Obama's comments joined a chorus of forewarnings, particularly from Pentagon leaders who have sought to push Congress to act.

"Today, in my opinion, the greatest threat to our national security is the fiscal uncertainty resulting from the lack of predictability in the budget cycles," Army Chief of Staff Ray Odierno said Feb. 15 in an appearance at the Brookings Institution in Washington. "Our country's inability to put its fiscal house in order compromises the future of the joint force, the Army, and ultimately will impact our ability to provide security to our nation."

Odierno also warned that the looming fiscal threats could delay troops from being sent home from and redeployed to Afghanistan.

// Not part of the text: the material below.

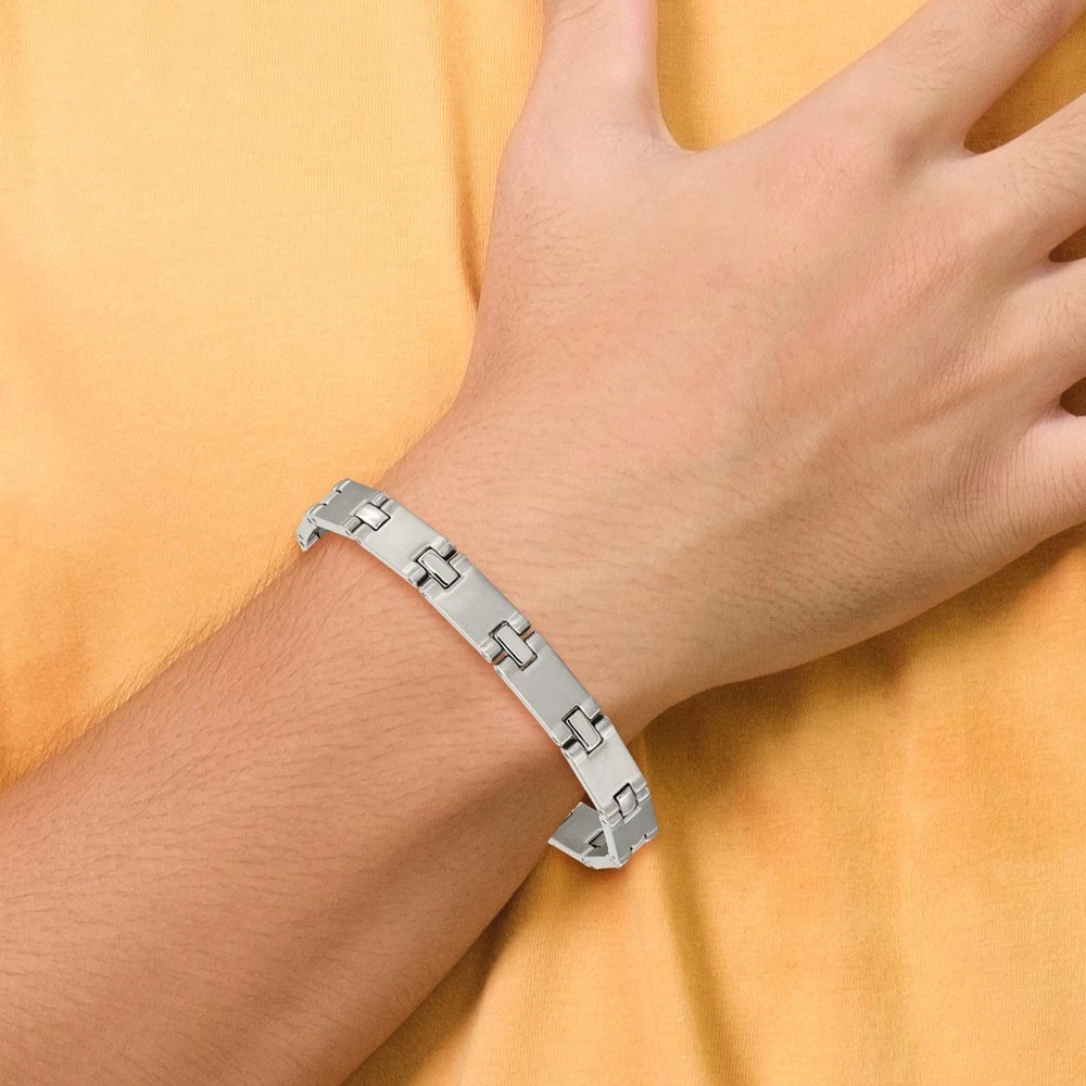 Finish:Polished & Brushed|Length of Item:8.5 in|Chain Length:8.25 in|Chain Type:Link, Other|Chain Width:7 mm|Clasp /Connector:Fold Over Catch|Material: Primary:Stainless Steel|Width of Item:7 mm|Packaging:Gift Boxed|Product Type:Jewelry|Jewelry Type:Bracelets|Sold By Unit:Each|Bracelet Type:Men's|Gender:Men's|Material: Primary - Color:White|Items per Pack:1 All weights and measurements are approximate and may vary slightly from the listed information. Welcome to diamond_6720 Payments We accept all Ebay approved payment. Please sent the payment to us within 8 days after the auction has ended, or you will have unpaid case auto open by eBay. Shipping Policy We will ship all items within 1 business days of purchase during the work week (M-F) excluding holidays. If you order on Friday, your order will be shipped the following business day. Tracking will be provided when it becomes available. We will only ship to a PayPal Verified Address. Please make sure your address is current and correct. If the information does not match, your order may be canceled. Buyers are responsible for all customs, duties and taxes for your respective countries. Delivery times for International Shipping will vary. California Buyers Pay 9.0% Tax on all orders. case auto open by eBay. Return Policy & Exchange Returns or Exchange are accepted. Buyer must contact us within 30 days after the item is received. Item must be returned in unworn and resalable condition. We will only issue a refund for the purchase price, excluding any shipping fees. If we are at fault, we will provide a full refund. Buyer is responsible for all return shipping costs. BUYERS FEEDBACK If you have any concerns regarding your purchase, please contact us via eBay Message, we assure you that a satisfactory resolution will be reached. Your feedback is very important to us Do remember to give us 5 star rating(*****) if you are satisfied with our product & service .

While most would agree sequestration's cuts will have a negative impact (with some debate ongoing about just how severe it would be), not everyone buys into the idea that the measure will be as disastrous for the military as some within the defense community are predicting.

"The cuts to social programs, public services and environmental protection will destroy more jobs than cuts to the Pentagon budget," Bill Hartung, director of the Arms and Security Project at the Center for International Policy, said on a Feb. 19 conference call for the "Jobs Not Wars" campaign. "If we're concerned about jobs, we shouldn't let the Pentagon and its contractors fend off sensible reforms that can save taxpayers billions of dollars."

Michael Eisenscher, national coordinator of U.S. Labor Against the War, contended that much of the general public supports cuts to a "bloated" Defense Department budget.

"Pentagon spending proponents are out of step with the American people," Eisenscher said. "A majority of Americans support substantial cuts to the Pentagon budget in favor of priorities that ensure long-term security here and abroad: creating jobs, repairing the social safety net, rebuilding public infrastructure, providing support for veterans, addressing global warming and meeting other urgent social needs."

The government is just days away from a complicated, multi-faceted March showdown. Besides sequestration's March 1 launch date, the president is slated to release the 2014 federal budget sometime around March 15. That is roughly the same time members of Congress are expected to begin debating the 2014 budget in their respective chambers as well. In addition to that, the current continuing resolution is set to expire on March 27 – and will require congressional debate of its own, which likely will compete with budget deliberations.

"Under these circumstances, it's going to be harder than usual for Congress to figure out baselines, economic forecasts and all of the other basic information it needs not just to draft a budget resolution but to evaluate what’s being debated," Stan Collender, a budget expert at Qorvis Communications, wrote in his blog earlier this month. "All of this makes what happens in March impossible to predict."